↓

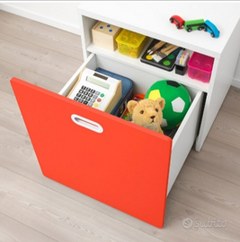 Contenitore giocattoli con rotelle, bianco/rosso, 60x50x64. Utilizzabile anche come piccola scrivania x bambini.
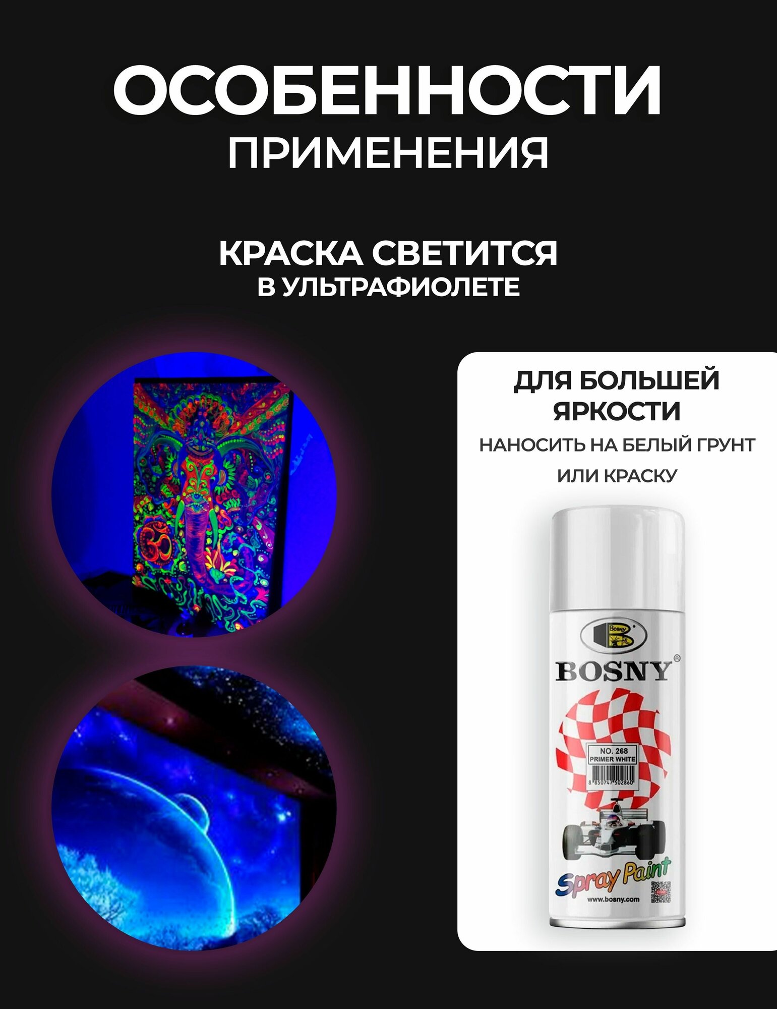 С помощью флуоресцентной акриловой краски Bosny можно без особого труда окрасить витрины, спортивный и пожарный инвентарь, рекламные щиты, самокаты, шлемы, велосипеды и многое другое. Цвет краски - желтый. Благодаря специальной формуле она светится при ультрафиолете. Спрей-краска атмосферостойкая, не выгорает и не трескается, предотвращает окисление и коррозию. Каждый баллон запаян в пленку. Подходит для внутреннего и наружного использования при температуре не ниже +10 С.
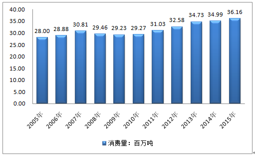 2005年馬來西亞石油消費量28.00百萬噸,2010年馬來西亞石油消費量29.27百萬噸,2015年馬來西亞石油消費量36.16百萬噸。
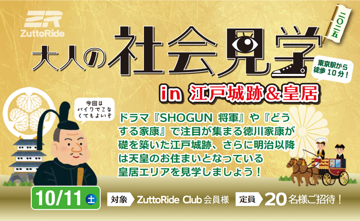 【開催終了】【10月11日】ZuttoRide 大人の社会見学 in 江戸城跡&皇居【ZuttoRide Club会員限定】
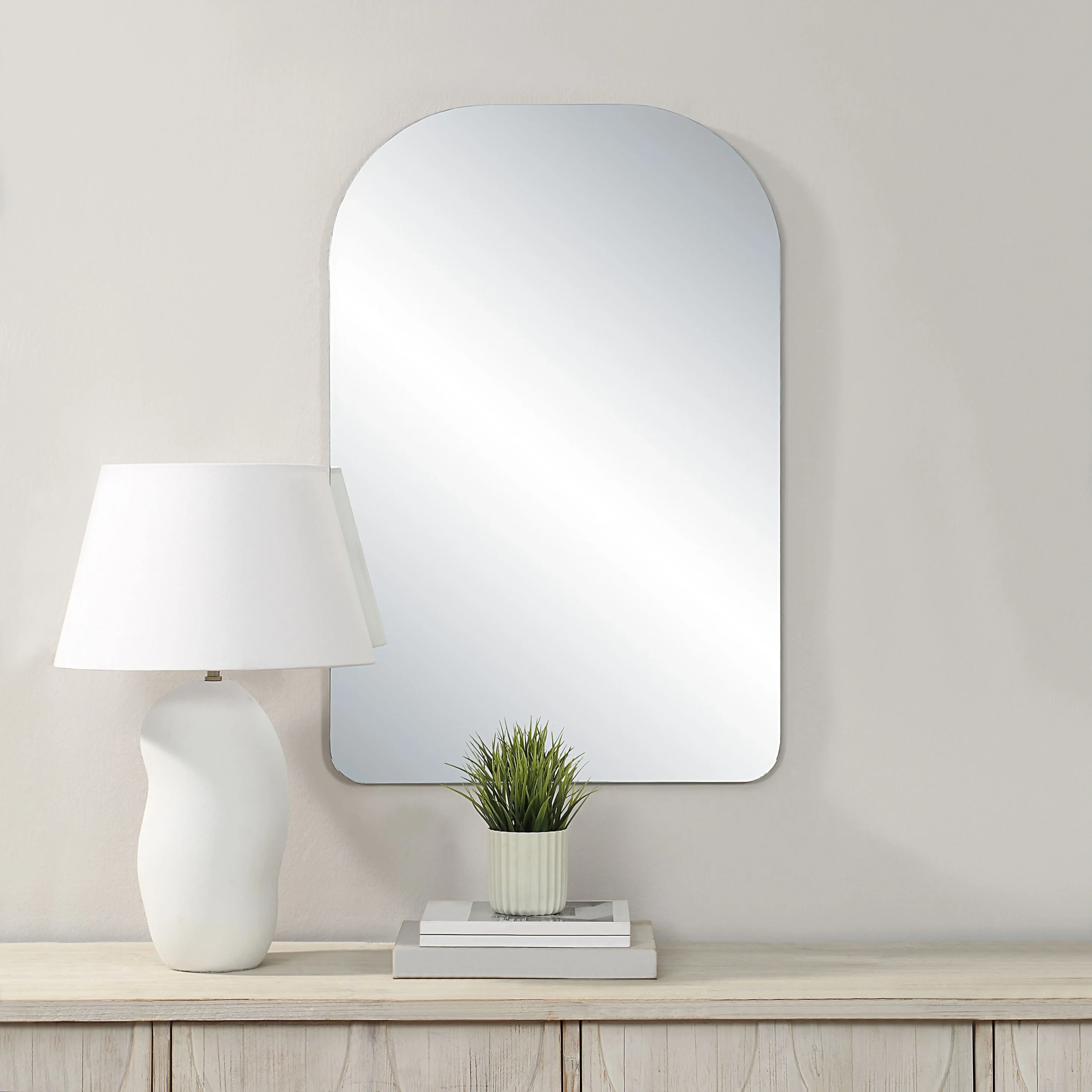 Chania proves that a mirror can feel striking without relying on a traditional frame. Its clean frameless construction and arch-inspired silhouette create a look that is airy, modern, and highly adaptable to different interiors. Because the design can be displayed arch-side up or down, it offers a more flexible decorative approach while still maintaining a crisp and polished presence on the wall. The all-glass build helps keep the visual weight light, making it especially effective in bedrooms, hallways, entryways, and smaller rooms where openness matters. Its reflective surface brightens the interior and enhances depth, while the uncluttered outline lets it work beautifully in minimalist, contemporary, and transitional settings. Sleek and versatile, Chania delivers both function and style with effortless simplicity.

↑

EXERCISE PROMPT — In the data above, find the line with "С помощью флуоресцентной" and the line with "in 江戸城跡&皇居【ZuttoRide Club会員限定】". Please copy exactly those two lines and every line between them, but not the pictures.

EXERCISE SOLUTION —
 С помощью флуоресцентной акриловой краски Bosny можно без особого труда окрасить витрины, спортивный и пожарный инвентарь, рекламные щиты, самокаты, шлемы, велосипеды и многое другое. Цвет краски - желтый. Благодаря специальной формуле она светится при ультрафиолете. Спрей-краска атмосферостойкая, не выгорает и не трескается, предотвращает окисление и коррозию. Каждый баллон запаян в пленку. Подходит для внутреннего и наружного использования при температуре не ниже +10 С.
 2005年馬來西亞石油消費量28.00百萬噸,2010年馬來西亞石油消費量29.27百萬噸,2015年馬來西亞石油消費量36.16百萬噸。
 【開催終了】【10月11日】ZuttoRide 大人の社会見学 in 江戸城跡&皇居【ZuttoRide Club会員限定】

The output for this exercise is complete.